*Exercise aim*
Restate each of the lines below word for word and drop every picture.

═════ Recorded information ═════

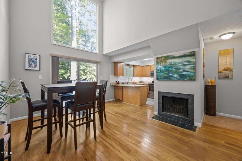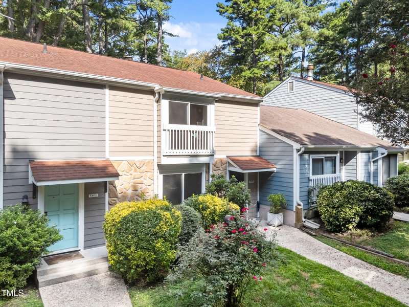 Incredible North Raleigh location near shopping, dining, major travel corridors, and North Hills. Stone Front and Covered Entry Porch welcome you into the Tile Entry with Stacked Slate Stone Accents in the Foyer. Large Family Room. Two Story Dining Room is flooded with Natural Light from the 2nd Story Window and overlooks a Private Backyard. Tile Kitchen with Maple Cabinetry, Granite Countertops, and Stainless Steel Stove, Microwave, and Dishwasher. Primary Bedroom features a sliding glass door balcony opening. Double Closets. Primary Bathroom has freshly Refinished Tile Flooring and Tile Shower. Guest Bathroom has New Tile Shower Surround and Refinished Tile Flooring. Fenced Paver Patio w/ Stacked Stone Wall. Refrigerator, Washer, and Dryer Convey! Fresh Interior Paint. New Anderson Windows 2023/24. New Hot Water Heater 2023. Great storage throughout. Community Pools & Clubhouse.
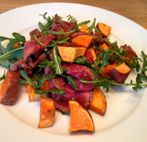 2. Lauwwarme biefstuksalade met zoete aardappel
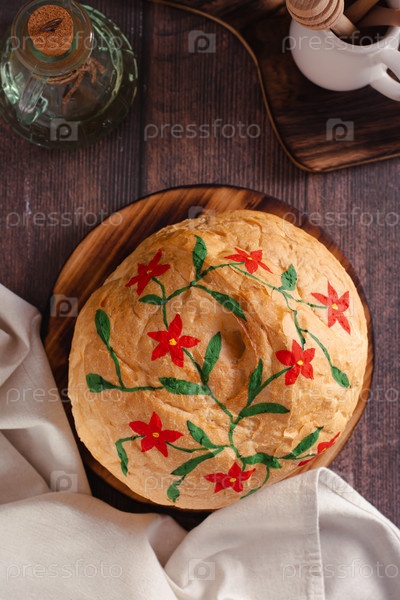Расписной хлеб, сочетающий хобби с творчеством на столе и вертикальном виде

═════

*Your response*
 Incredible North Raleigh location near shopping, dining, major travel corridors, and North Hills. Stone Front and Covered Entry Porch welcome you into the Tile Entry with Stacked Slate Stone Accents in the Foyer. Large Family Room. Two Story Dining Room is flooded with Natural Light from the 2nd Story Window and overlooks a Private Backyard. Tile Kitchen with Maple Cabinetry, Granite Countertops, and Stainless Steel Stove, Microwave, and Dishwasher. Primary Bedroom features a sliding glass door balcony opening. Double Closets. Primary Bathroom has freshly Refinished Tile Flooring and Tile Shower. Guest Bathroom has New Tile Shower Surround and Refinished Tile Flooring. Fenced Paver Patio w/ Stacked Stone Wall. Refrigerator, Washer, and Dryer Convey! Fresh Interior Paint. New Anderson Windows 2023/24. New Hot Water Heater 2023. Great storage throughout. Community Pools & Clubhouse.
 2. Lauwwarme biefstuksalade met zoete aardappel
Расписной хлеб, сочетающий хобби с творчеством на столе и вертикальном виде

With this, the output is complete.